(Given records begins)
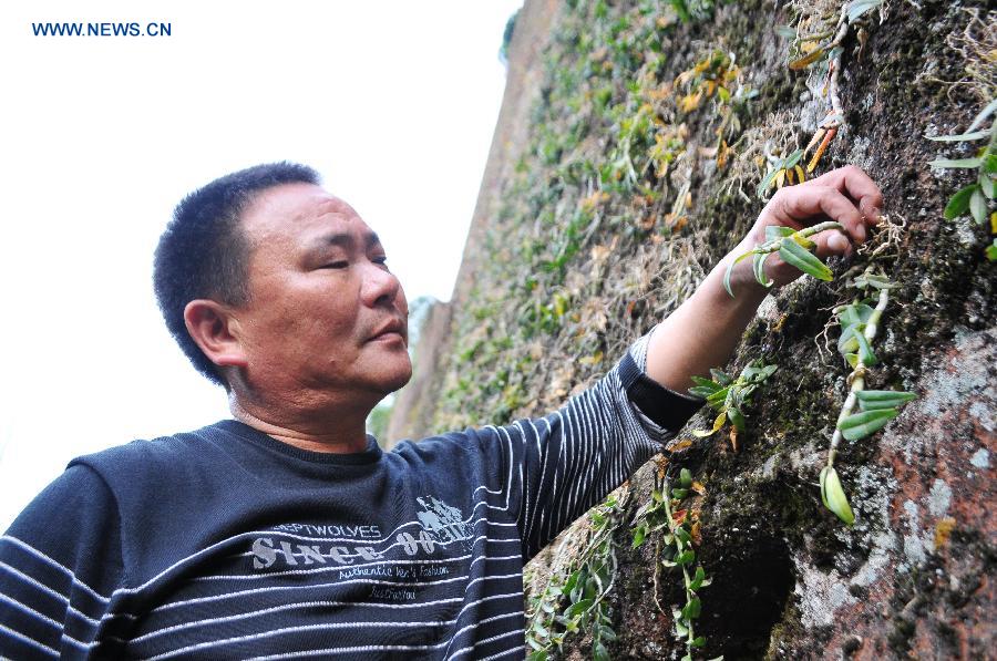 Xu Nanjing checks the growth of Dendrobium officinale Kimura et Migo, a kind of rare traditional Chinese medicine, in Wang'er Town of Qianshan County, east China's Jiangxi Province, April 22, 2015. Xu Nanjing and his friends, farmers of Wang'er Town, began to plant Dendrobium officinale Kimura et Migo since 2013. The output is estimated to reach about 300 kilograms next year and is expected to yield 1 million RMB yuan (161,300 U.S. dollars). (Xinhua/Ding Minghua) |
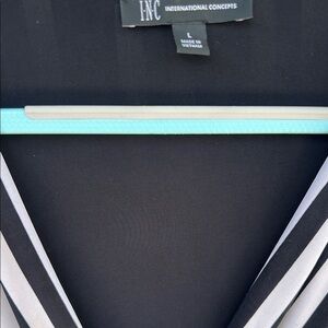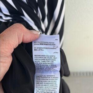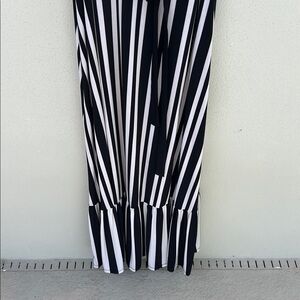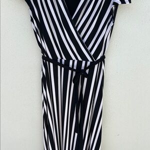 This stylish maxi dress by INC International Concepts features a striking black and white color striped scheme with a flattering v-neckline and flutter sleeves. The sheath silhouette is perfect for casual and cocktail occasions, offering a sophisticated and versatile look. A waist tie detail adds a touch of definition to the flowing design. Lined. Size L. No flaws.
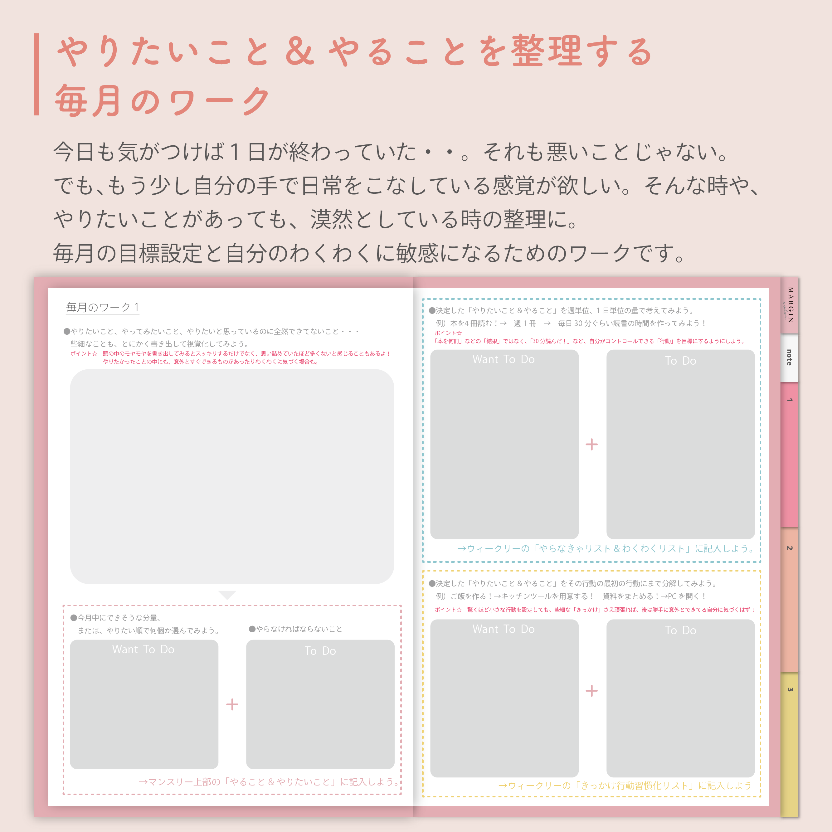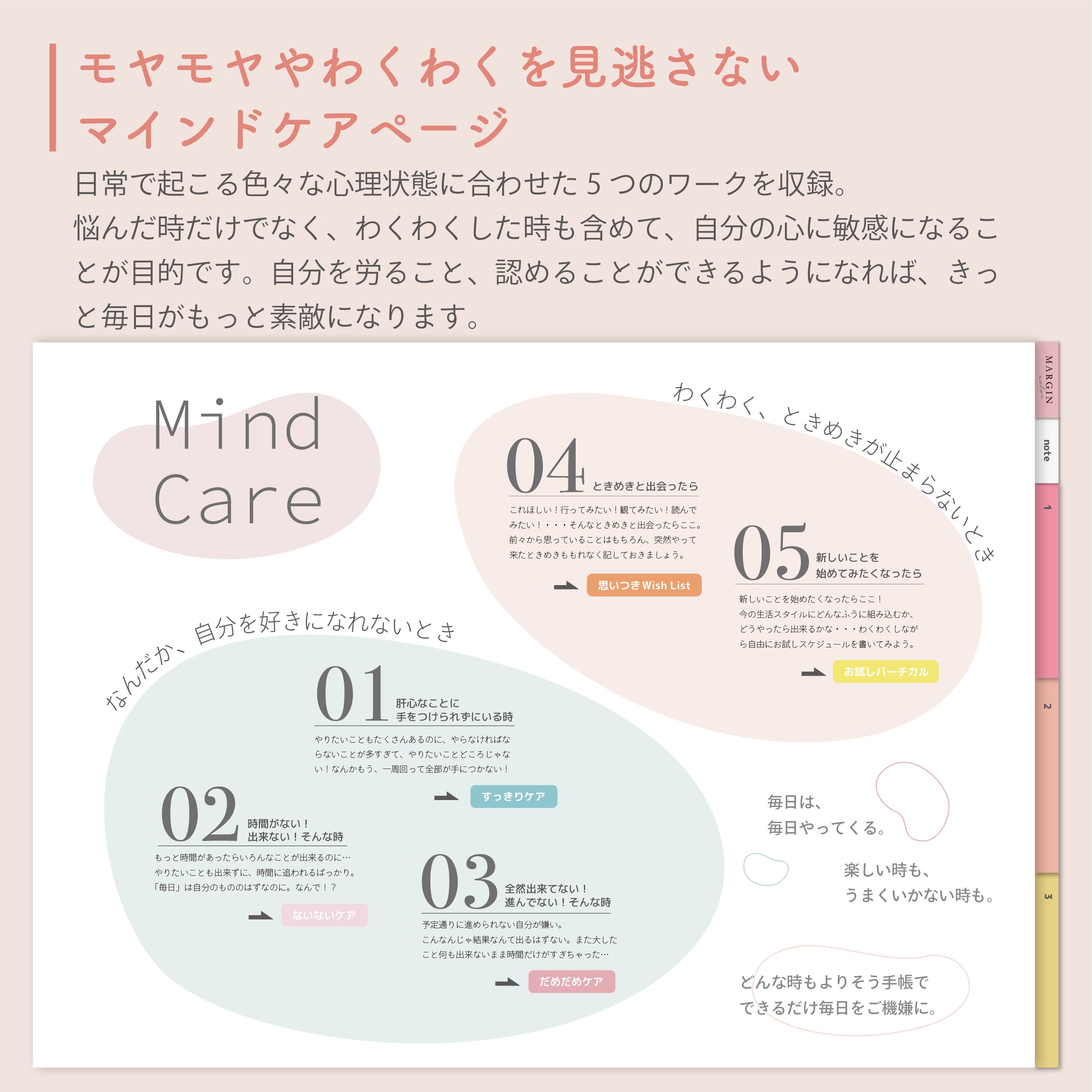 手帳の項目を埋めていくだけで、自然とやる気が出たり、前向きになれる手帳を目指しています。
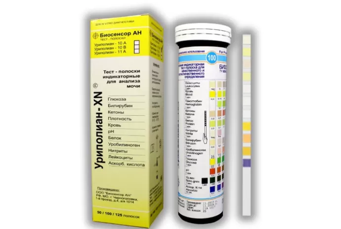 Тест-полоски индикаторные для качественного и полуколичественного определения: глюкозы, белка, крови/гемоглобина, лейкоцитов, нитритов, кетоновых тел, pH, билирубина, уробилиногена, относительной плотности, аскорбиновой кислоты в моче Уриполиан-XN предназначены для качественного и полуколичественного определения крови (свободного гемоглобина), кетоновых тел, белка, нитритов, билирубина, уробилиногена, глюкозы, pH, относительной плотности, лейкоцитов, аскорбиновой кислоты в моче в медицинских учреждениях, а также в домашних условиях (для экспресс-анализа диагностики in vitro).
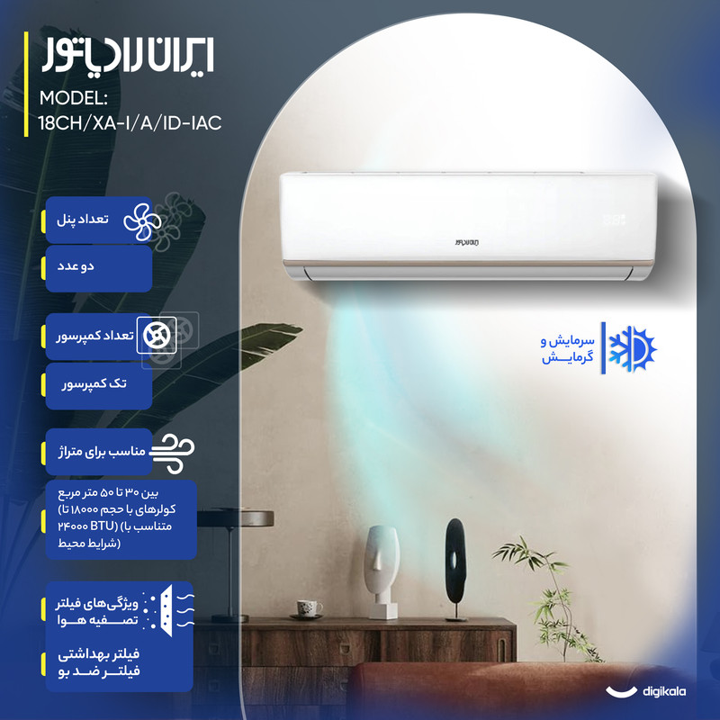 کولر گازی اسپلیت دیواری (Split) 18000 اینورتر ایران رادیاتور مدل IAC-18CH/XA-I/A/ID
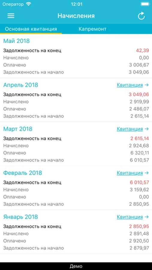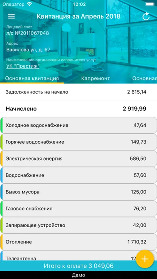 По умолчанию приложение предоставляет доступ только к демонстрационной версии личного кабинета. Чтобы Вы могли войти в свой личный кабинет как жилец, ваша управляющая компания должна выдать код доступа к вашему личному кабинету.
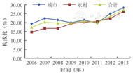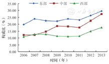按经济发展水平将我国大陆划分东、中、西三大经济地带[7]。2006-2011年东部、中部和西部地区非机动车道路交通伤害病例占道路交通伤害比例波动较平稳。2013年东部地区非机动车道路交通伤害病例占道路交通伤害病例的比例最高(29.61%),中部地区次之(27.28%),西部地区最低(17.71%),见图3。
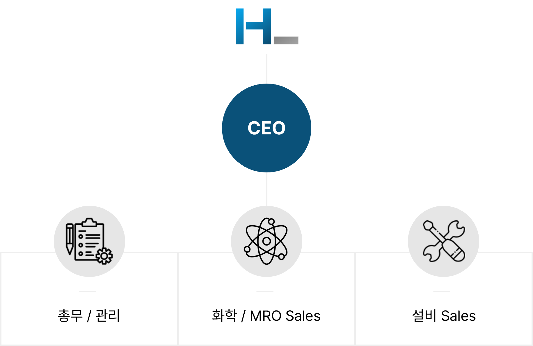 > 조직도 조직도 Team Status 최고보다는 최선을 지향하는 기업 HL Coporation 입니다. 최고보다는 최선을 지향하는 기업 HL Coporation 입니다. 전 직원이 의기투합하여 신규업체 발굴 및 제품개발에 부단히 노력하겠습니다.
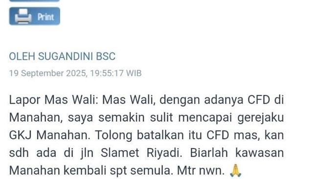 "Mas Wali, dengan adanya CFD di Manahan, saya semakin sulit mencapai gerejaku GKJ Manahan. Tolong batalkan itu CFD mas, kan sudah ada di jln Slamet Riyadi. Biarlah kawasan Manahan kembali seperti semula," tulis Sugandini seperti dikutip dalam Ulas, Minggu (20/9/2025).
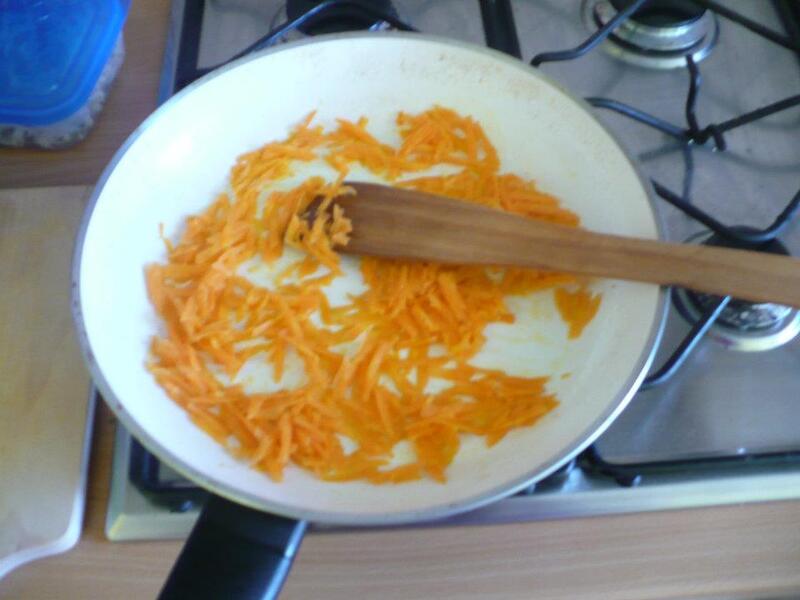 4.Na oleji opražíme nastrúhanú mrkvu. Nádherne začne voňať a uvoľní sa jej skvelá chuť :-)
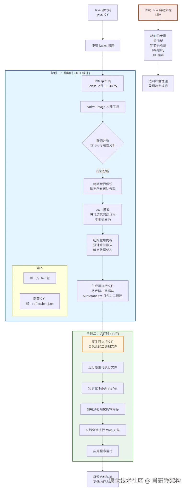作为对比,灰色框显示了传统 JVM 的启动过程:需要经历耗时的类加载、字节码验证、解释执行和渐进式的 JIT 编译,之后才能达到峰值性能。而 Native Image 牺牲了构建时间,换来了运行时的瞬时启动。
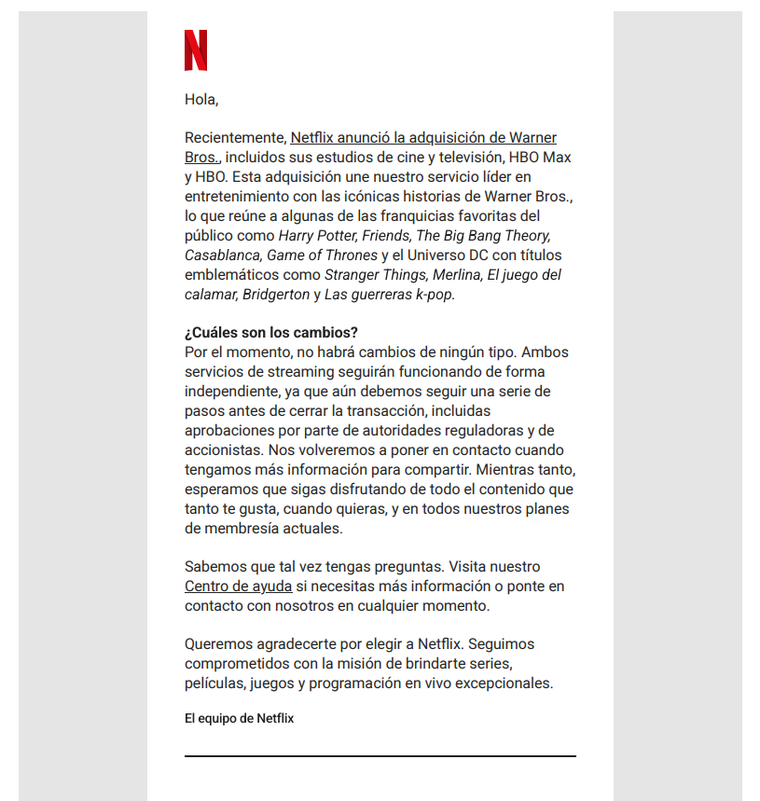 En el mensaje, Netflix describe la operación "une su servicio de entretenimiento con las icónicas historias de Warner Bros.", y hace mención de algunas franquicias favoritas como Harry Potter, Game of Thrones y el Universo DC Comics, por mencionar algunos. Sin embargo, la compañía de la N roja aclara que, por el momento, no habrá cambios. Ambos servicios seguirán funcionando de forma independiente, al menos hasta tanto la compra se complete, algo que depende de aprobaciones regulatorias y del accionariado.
(Given records ends)
> Problem statement: Everything above from the line containing "Ulas, Minggu (20/9/2025)." down to the line containing "作为对比,灰色框显示了传统 JVM 的启动过程:需要经历耗时的类加载、字节码验证、解释执行和渐进式的" is to be duplicated exactly, both lines included, and the pictures are to be omitted.

> Response box:
 "Mas Wali, dengan adanya CFD di Manahan, saya semakin sulit mencapai gerejaku GKJ Manahan. Tolong batalkan itu CFD mas, kan sudah ada di jln Slamet Riyadi. Biarlah kawasan Manahan kembali seperti semula," tulis Sugandini seperti dikutip dalam Ulas, Minggu (20/9/2025).
 4.Na oleji opražíme nastrúhanú mrkvu. Nádherne začne voňať a uvoľní sa jej skvelá chuť :-)
作为对比,灰色框显示了传统 JVM 的启动过程:需要经历耗时的类加载、字节码验证、解释执行和渐进式的 JIT 编译,之后才能达到峰值性能。而 Native Image 牺牲了构建时间,换来了运行时的瞬时启动。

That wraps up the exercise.